If $X$ and $Y$ are independent, then the variance of $X-Y$ is $2{\sigma }^2$. In other words, it’s twice as difficult (in the sense of minimum mean-square error) to predict the difference of $X$ and $Y$ as it is to predict either $X$ or $Y$ individually.

But what if $X$ and $Y$ are not independent? If $X$ and $Y$ have correlation $\rho$ (a number between –1 and +1), then the variance of their difference is $2(1-\rho ){\sigma }^2$. This gives the curious result that if we have a strong positive correlation of $\rho >\frac{1}{2}$, then $2(1-\rho ){\sigma }^2<{\sigma }^2$, so it is in fact easier to predict the difference $X-Y$ than it is to predict either of $X$ and $Y$ individually.

The reason is that if $X$ happens to come out above average, then, when there’s positive correlation, $Y$ is more likely to come out above average too, so the difference ends up getting preserved (at least approximately).
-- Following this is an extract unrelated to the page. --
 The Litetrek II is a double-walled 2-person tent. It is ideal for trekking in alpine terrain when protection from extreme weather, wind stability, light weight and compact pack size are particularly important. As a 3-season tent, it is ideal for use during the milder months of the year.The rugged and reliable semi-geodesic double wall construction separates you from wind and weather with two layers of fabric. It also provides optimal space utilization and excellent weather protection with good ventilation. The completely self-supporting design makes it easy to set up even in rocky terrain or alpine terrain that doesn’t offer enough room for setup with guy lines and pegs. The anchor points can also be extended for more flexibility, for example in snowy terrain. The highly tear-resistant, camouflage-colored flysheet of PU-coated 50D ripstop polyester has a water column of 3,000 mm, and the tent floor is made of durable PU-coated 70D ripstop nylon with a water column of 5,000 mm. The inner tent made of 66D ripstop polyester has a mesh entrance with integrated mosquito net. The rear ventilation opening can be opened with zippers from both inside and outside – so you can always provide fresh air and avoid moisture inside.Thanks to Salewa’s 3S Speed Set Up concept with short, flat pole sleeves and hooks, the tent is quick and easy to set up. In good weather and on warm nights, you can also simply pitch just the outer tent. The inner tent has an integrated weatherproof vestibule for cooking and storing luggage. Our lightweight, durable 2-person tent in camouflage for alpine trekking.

One common example of $X$ and $Y$ having high correlation are when they are measuring the same quantities at different points in the future. For example, suppose $X$ is the maximum temperature in Leeds on Christmas Day this year and $Y$ the maximum temperature in Leeds on Boxing Day this year. Then $X$ and $Y$ are individually difficult to predict – perhaps somewhere between 1 and 13 degrees Celsius? But predicting the temperature difference between those two days is pretty easy – if you guess 0 degrees difference, there’s a pretty good chance that you’ll be within a couple of degrees either way.
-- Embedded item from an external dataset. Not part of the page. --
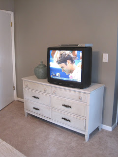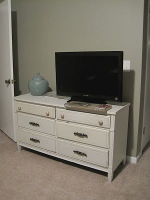 Now, the new TV has its rightful spot downstairs, and the smaller flat screen has been moved up into the bedroom. Our plan is to mount the smaller one onto the wall, but the bigger one is probably going to remain on a stand for the time being. Our future “to do” list doesn’t exactly include figuring out whether or not we can affix a mount to a wall that has a fireplace behind it.

A second example is if $X$ and $Y$ measure the same quantity under different “treatments” or interventions. For example, suppose half of a field is treated with a standard fertiliser and half with a more expensive but more effective fertiliser; let $X$ be the height of the wheat in one half of the field three months later and $Y$ the height of the wheat in the other half of the field three months later. Then $X$ and $Y$ might be difficult to predict, because it depends on the quality of the soil and the weather conditions and so on. But if the respective qualities of the fertilisers are well understood, then it might be much easier to predict the improvement $X-Y$ that the more expensive fertiliser makes.

In 2016, the UK Treasury released estimates of how much leaving the EU would affect the GDP of the UK. That is, it was predicting $X-Y$ where $X$ is the GDP if the UK leaves the EU and $Y$ is the GDP if the UK remains in the EU. These are highly correlated – they are both strongly affected by general economic conditions, productivity, governance, wars, pandemics, etc. After the UK voted leave, it became clear that the prediction for $X$ was not very accurate – but that doesn’t necessarily mean that the prediction for $X-Y$ was inaccurate too. The problem here, of course, is that there’s no way to assess the accuracy of predictions of $Y$ or of $X-Y$.